The spokesperson for the UN High Commissioner for Human Rights, Rupert Colville, made a series of remarks on the situation in Northern and Eastern Syria.
Colville said: "We have begun receiving reports of civilian casualties – as of last night we had reports of seven civilians, including two women and a boy who had been killed with another boy injured, during the first two days of the Turkish operation."
Colville added: "We have received disturbing reports that airstrikes and ground-based attacks by Turkish army and affiliated armed groups have affected key civilian infrastructure and objects such as water pumping stations, dams, power stations, and oil fields. It is likely that thousands of people will be deprived of adequate access to clean water in the area supplied by the station."
Colville also underlined that there are news that areas in northern Syria, "such as Afrin, al-Bab, Jarablus, and Azaz that were already under the control of Turkish forces and/or affiliated armed groups, are continuing to face lawlessness and rampant criminality and violence.
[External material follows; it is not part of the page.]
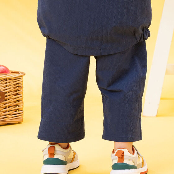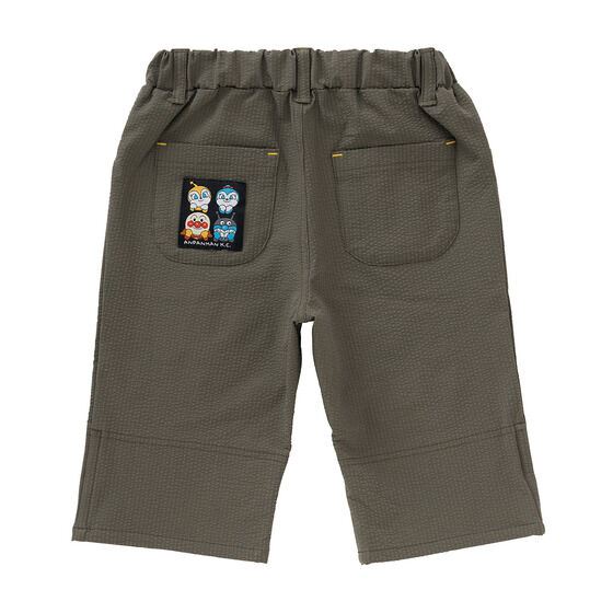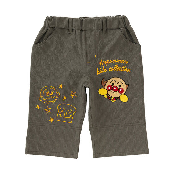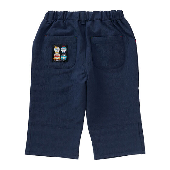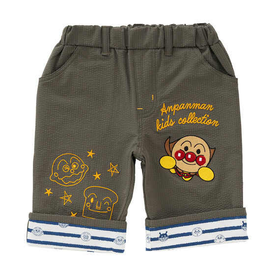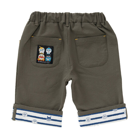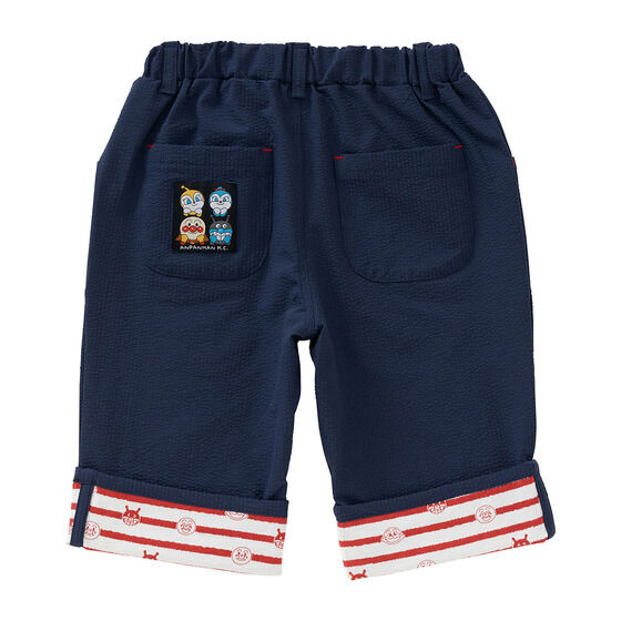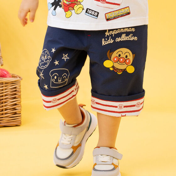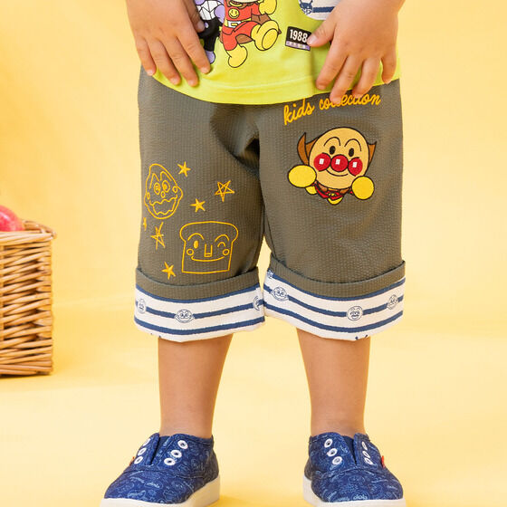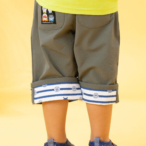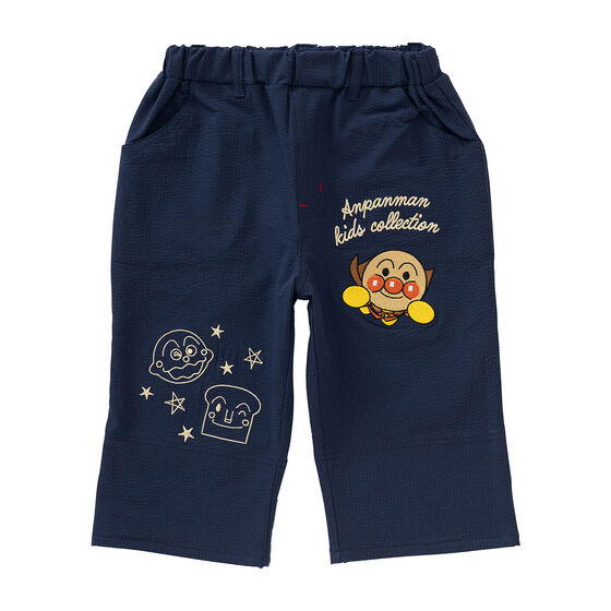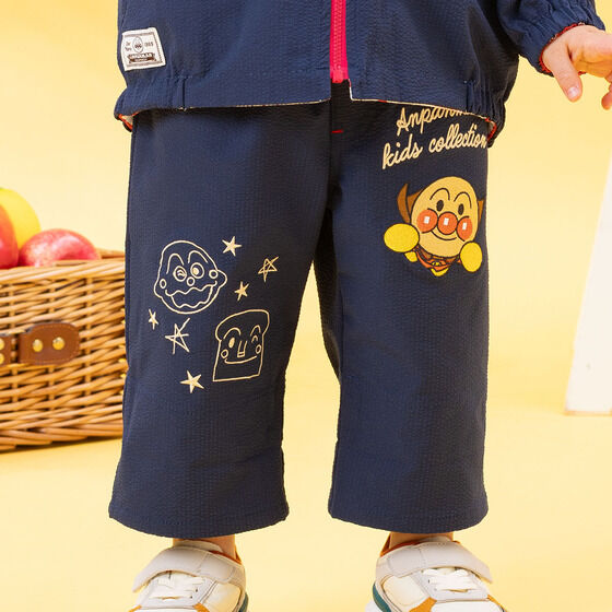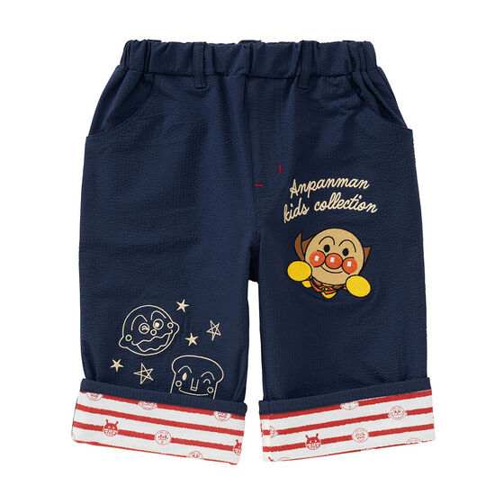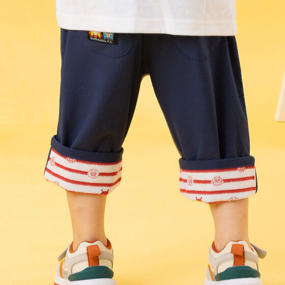 軽やかなサッカー素材を使用した6分丈のボトム! 左足にはアンパンマン、右足にはカレーパンマンとしょくぱんまんの刺繍が施されています。 裾は折り返し可能でお子様の成長に合わせて長くご着用いただけます。 折り返し部分のアンパンマンたちのお顔がプリントされたボーダー柄もポイント。

We have had specific reports of intimidation, ill-treatment, killing, kidnapping, looting and seizure of civilians’ houses by the Turkish-backed armed groups in these areas, with civilians reportedly seized by members of these groups from their homes or at checkpoints, accused of affiliation with specific Kurdish armed or political groups. The fate and whereabouts of many of those civilians remain unknown."
The spokesperson for the UN High Commissioner for Human Rights stressed that; "Military operations - he said - must be conducted in accordance with international humanitarian law, in particular the principles of distinction, proportionality and precaution."